- **Problem requirements**
Transcribe the records in full; omit images.

++++++++++++++++++++

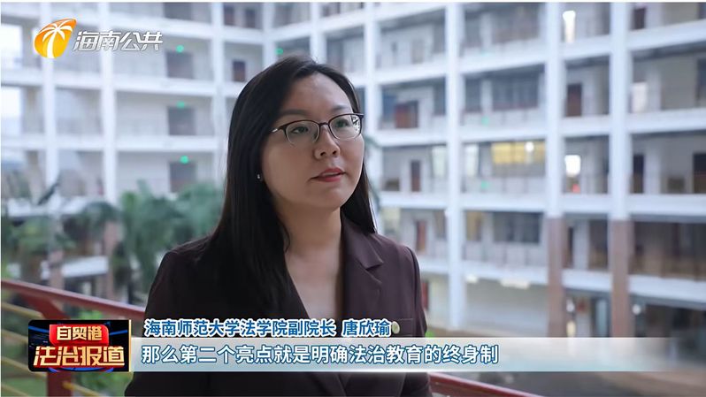 11月3日,我校法学院副院长、副教授唐欣瑜接受海南广播电视总台采访,解读今年11月1日正式施行的《中华人民共和国法治宣传教育法》亮点及对社会公众的影响。该节目于11月3日晚20:00在海南公共频道《自贸港法治报道》栏目播出。
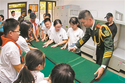 上图:在“六一”国际儿童节到来之际,武警北京总队执勤第五支队邀请北京市史家小学学生走进军营,通过观摩官兵训练、参观荣誉室和学习叠被子等活动,接受国防教育。胡尔根摄
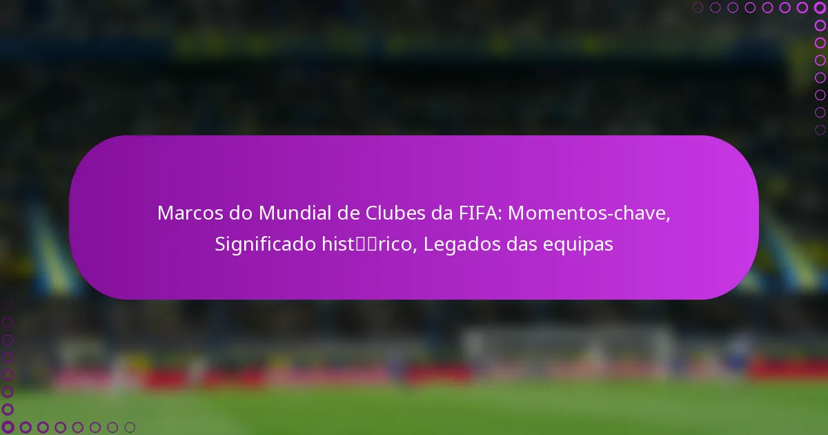 A Taça do Mundo de Clubes da FIFA tornou-se um evento fundamental no futebol internacional, apresentando os melhores clubes de todo o mundo e marcando momentos chave que definem o legado do torneio. Com a sua rica história de jogos icónicos e surpresas, a competição não só eleva as reputações das equipas, mas também influencia o panorama mais amplo da governança do futebol e do jogo internacional.
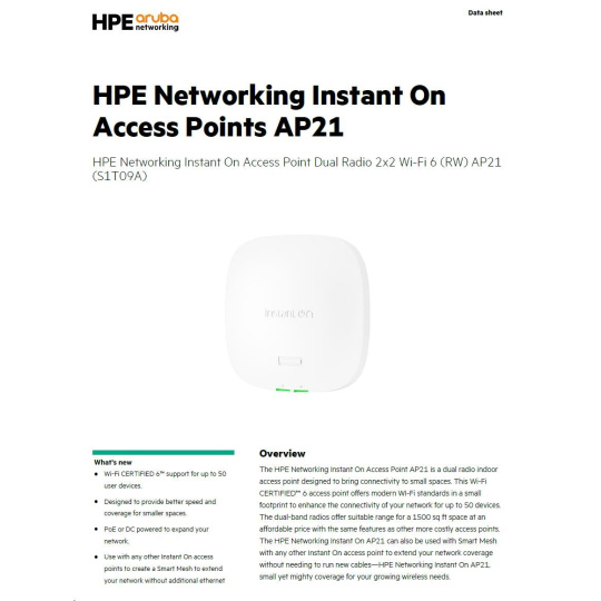 - The HPE Networking Instant On Access Point AP21 is a dual radio indoor access point designed to bring connectivity to small spaces. This Wi-Fi CERTIFIED™ 6 access point offers modern WI-Fi standards in a small footprint to enhance the connectivity of your network for up to 50 devices. The dual-band radios offer suitable range for a 1500 sq ft space at an affordable price with the same features as other more costly access points. The HPE Networking Instant On AP21 can also be used with Smart Mesh with any other Instant On access point to extend your network coverage without needing to run new cables—HPE Networking Instant On AP21, small yet mighty coverage for your growing wireless needs.
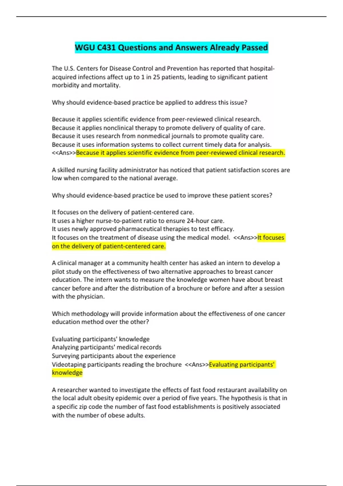 The U.S. Centers for Disease Control and Prevention has reported that hospital-acquired infections affect up to 1 in 25 patients, leading to significant patient morbidity and mortality. Why should evidence-based practice be applied to address this issue? Because it applies scientific evidence from peer-reviewed clinical research. Because it applies nonclinical therapy to promote delivery of quality of care. Because it uses research from nonmedical journals to promote quality care. Because it uses information systems to collect current timely data for analysis. <<Ans>>Because it applies scientific evidence from peer-reviewed clinical research. A skilled nursing facility administrator has noticed that patient satisfaction scores are low when compared to the national average. Why should evidence-based practice be used to improve these patient scores? It focuses on the delivery of patient-centered care. It uses a higher nurse-to-patient ratio to ensure 24-hour care. It uses newly approved pharmaceutical therapies to test efficacy. It focuses on the treatment of disease using the medical model. <<Ans>>It focuses on the delivery of patient-centered care. A clinical manager at a community health center has asked an intern to develop a pilot study on the effectiveness of two alternative approaches to breast cancer education. The intern wants to measure the knowledge women have about breast cancer before and after the distribution of a brochure or before and after a session with the physician. Which methodology will provide information about the effectiveness of one cancer education method over the other? Evaluating participants' knowledge Analyzing participants' medical records Surveying participants about the experience Videotaping participants reading the brochure <<Ans>>Evaluating participants' knowledge A researcher wanted to investigate the effects of fast food restaurant availability on the local adult obesity epidemic over a period of five years. The hypothesis is that in a specific zip code the number of fast food establishments is positively associated with the number of obese adults. All fast food locations in a certain zip code have been identified, and physicians have been contacted to provide each patient's de-identified age, gender, height, weight, and body mass index (BMI). Patients will be placed in groups according to their weight and height. Which type of research was conducted? Qualitative case study Qualitative cohort study Quantitative case study Quantitative cohort study <<Ans>>Quantitative cohort study The vice president of nursing at a large hospital is reviewing patient satisfaction scores from a recent survey that asked a series of questions about how patients felt about the care received. Which type of survey methodology was utilized in this study? Qualitative Quantitative Experimental Mixed-methods <<Ans>>Quantitative A pharmaceutical company is currently testing a new drug. The physicians in the study do not know if they are prescribing the new drug or a previously used medication. Which type of research methodology is being used? Case study Cohort study Case control study Randomized control trial <<Ans>>Randomized control trial
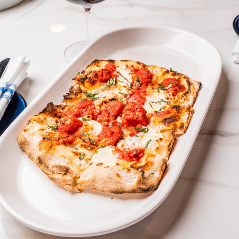 Filetto di Pomodoro, mozzarella, garlic, basil, and EVOO.

++++++++++++++++++++

- **Answer box**
 11月3日,我校法学院副院长、副教授唐欣瑜接受海南广播电视总台采访,解读今年11月1日正式施行的《中华人民共和国法治宣传教育法》亮点及对社会公众的影响。该节目于11月3日晚20:00在海南公共频道《自贸港法治报道》栏目播出。
 上图:在“六一”国际儿童节到来之际,武警北京总队执勤第五支队邀请北京市史家小学学生走进军营,通过观摩官兵训练、参观荣誉室和学习叠被子等活动,接受国防教育。胡尔根摄
 A Taça do Mundo de Clubes da FIFA tornou-se um evento fundamental no futebol internacional, apresentando os melhores clubes de todo o mundo e marcando momentos chave que definem o legado do torneio. Com a sua rica história de jogos icónicos e surpresas, a competição não só eleva as reputações das equipas, mas também influencia o panorama mais amplo da governança do futebol e do jogo internacional.
 - The HPE Networking Instant On Access Point AP21 is a dual radio indoor access point designed to bring connectivity to small spaces. This Wi-Fi CERTIFIED™ 6 access point offers modern WI-Fi standards in a small footprint to enhance the connectivity of your network for up to 50 devices. The dual-band radios offer suitable range for a 1500 sq ft space at an affordable price with the same features as other more costly access points. The HPE Networking Instant On AP21 can also be used with Smart Mesh with any other Instant On access point to extend your network coverage without needing to run new cables—HPE Networking Instant On AP21, small yet mighty coverage for your growing wireless needs.
 The U.S. Centers for Disease Control and Prevention has reported that hospital-acquired infections affect up to 1 in 25 patients, leading to significant patient morbidity and mortality. Why should evidence-based practice be applied to address this issue? Because it applies scientific evidence from peer-reviewed clinical research. Because it applies nonclinical therapy to promote delivery of quality of care. Because it uses research from nonmedical journals to promote quality care. Because it uses information systems to collect current timely data for analysis. <<Ans>>Because it applies scientific evidence from peer-reviewed clinical research. A skilled nursing facility administrator has noticed that patient satisfaction scores are low when compared to the national average. Why should evidence-based practice be used to improve these patient scores? It focuses on the delivery of patient-centered care. It uses a higher nurse-to-patient ratio to ensure 24-hour care. It uses newly approved pharmaceutical therapies to test efficacy. It focuses on the treatment of disease using the medical model. <<Ans>>It focuses on the delivery of patient-centered care. A clinical manager at a community health center has asked an intern to develop a pilot study on the effectiveness of two alternative approaches to breast cancer education. The intern wants to measure the knowledge women have about breast cancer before and after the distribution of a brochure or before and after a session with the physician. Which methodology will provide information about the effectiveness of one cancer education method over the other? Evaluating participants' knowledge Analyzing participants' medical records Surveying participants about the experience Videotaping participants reading the brochure <<Ans>>Evaluating participants' knowledge A researcher wanted to investigate the effects of fast food restaurant availability on the local adult obesity epidemic over a period of five years. The hypothesis is that in a specific zip code the number of fast food establishments is positively associated with the number of obese adults. All fast food locations in a certain zip code have been identified, and physicians have been contacted to provide each patient's de-identified age, gender, height, weight, and body mass index (BMI). Patients will be placed in groups according to their weight and height. Which type of research was conducted? Qualitative case study Qualitative cohort study Quantitative case study Quantitative cohort study <<Ans>>Quantitative cohort study The vice president of nursing at a large hospital is reviewing patient satisfaction scores from a recent survey that asked a series of questions about how patients felt about the care received. Which type of survey methodology was utilized in this study? Qualitative Quantitative Experimental Mixed-methods <<Ans>>Quantitative A pharmaceutical company is currently testing a new drug. The physicians in the study do not know if they are prescribing the new drug or a previously used medication. Which type of research methodology is being used? Case study Cohort study Case control study Randomized control trial <<Ans>>Randomized control trial
 Filetto di Pomodoro, mozzarella, garlic, basil, and EVOO.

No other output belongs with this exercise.